A sudden shift of wind to the southeast in the south and southeast parts of Australia, especially frequent on the coast of New South Wales near Sydney in summer. It occurs in the rear of a trough of low pressure which is followed by the rapid advance of an anticyclone from West Australia. Also called just buster or burster.

After some days of hot, dry northerly wind (brickfielder), heavy cumulus clouds approach from the south, the wind drops to calm and then sets in suddenly from the south, sometimes reaching gale force. Temperature at Sydney has fallen from 100° F to 64° F in thirty minutes.

The average summer frequency of southerly busters at Sydney is 32. Similar winds are experienced in the east of South Africa, especially near Durban.

==========here is another defintion

The NSW Southerly Buster is an intense pre-frontal squall leading a cold front moving up from the Southern Ocean and occurring maybe 30 times per year, with about 10 major events usually in spring and summer. The phenomenon is a shallow density current 20 – 50 nm wide centred on the coast and surging northward at 15 knots with 30 – 60 knot gusts.
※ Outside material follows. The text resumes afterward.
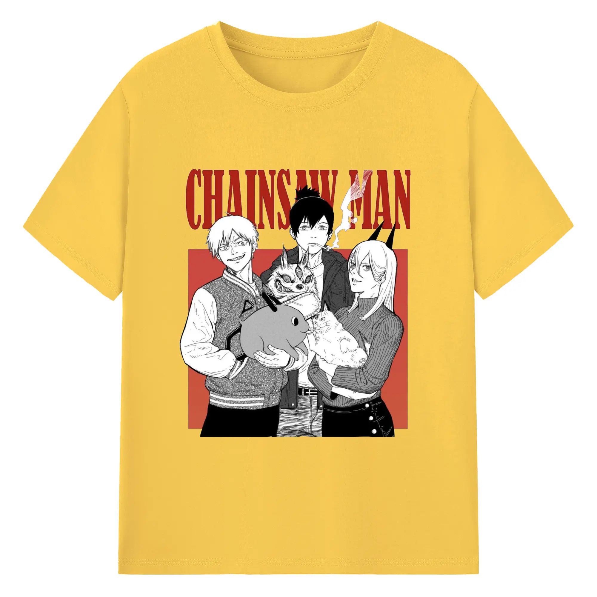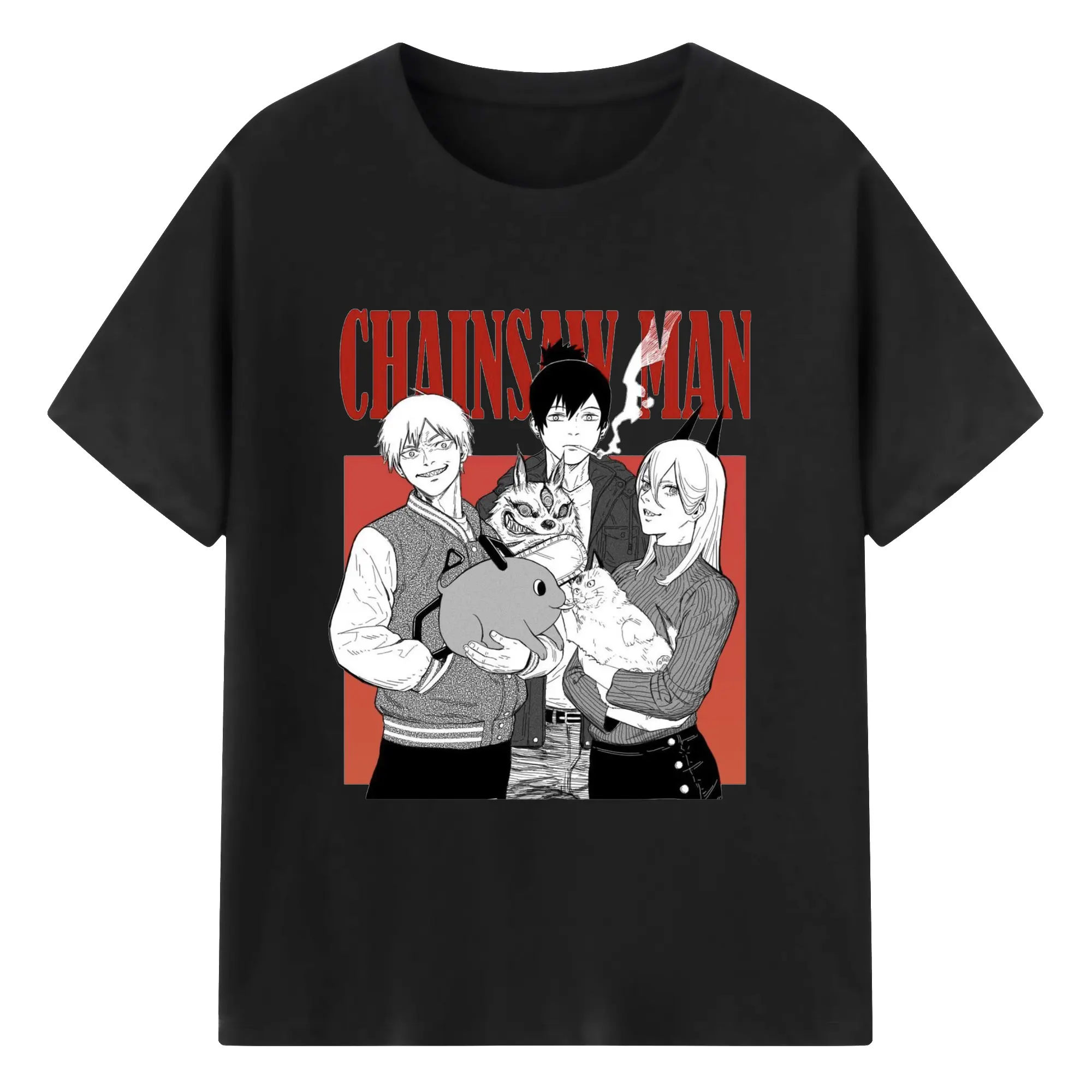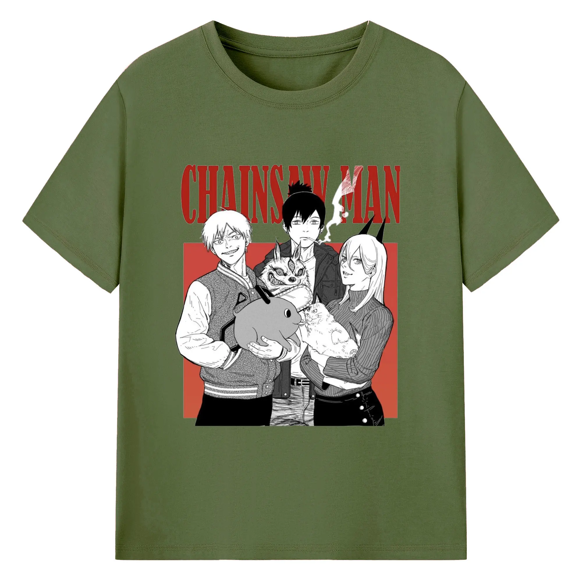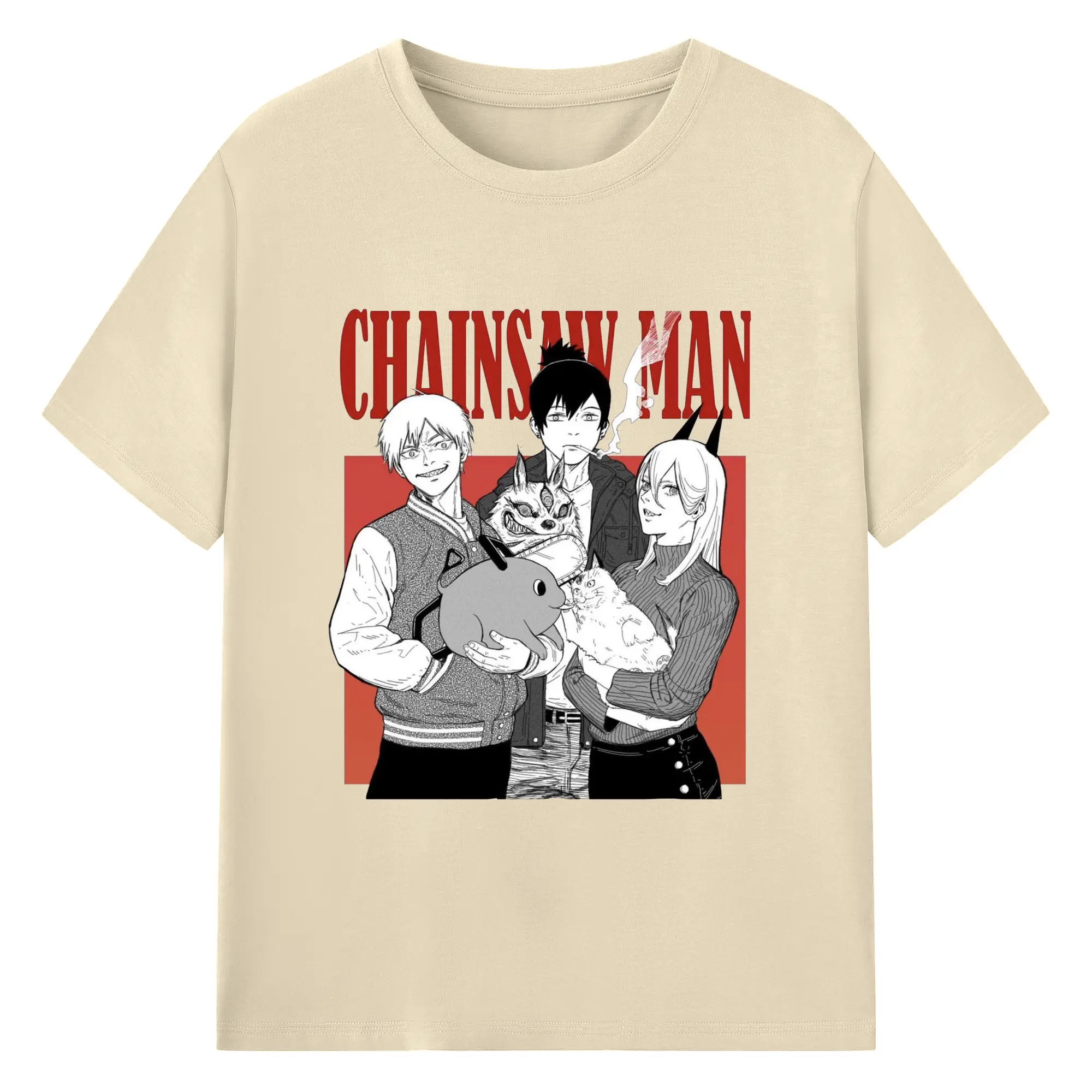 チェンソーマン マキマ推し - 綿100% ヴィンテージ風 半袖Tシャツ ・ フロントプリント ・ 柔らか肌触り ・ 通気性 快適 ・ スポーツ カジュアル 外出用

The temperature may fall 10 °C – 15 °C over a few minutes and there may be extreme low level turbulence. A spectacular roll cloud may form above the nose but usually there is little cloud and consequently little warning.

A prime cause is the interaction of a shallow cold front with the blocking mountain range which parallels the coast, and frictional differences over land and sea uncouple the flow. Other phenomena lead to intensification of the temperature gradient between the warm air mass and the cold density current. e.g. hot north-westerly or warm dry foehn wind preceding the squall. Severe thunderstorm activity may result from the forced lifting of warm, humid air.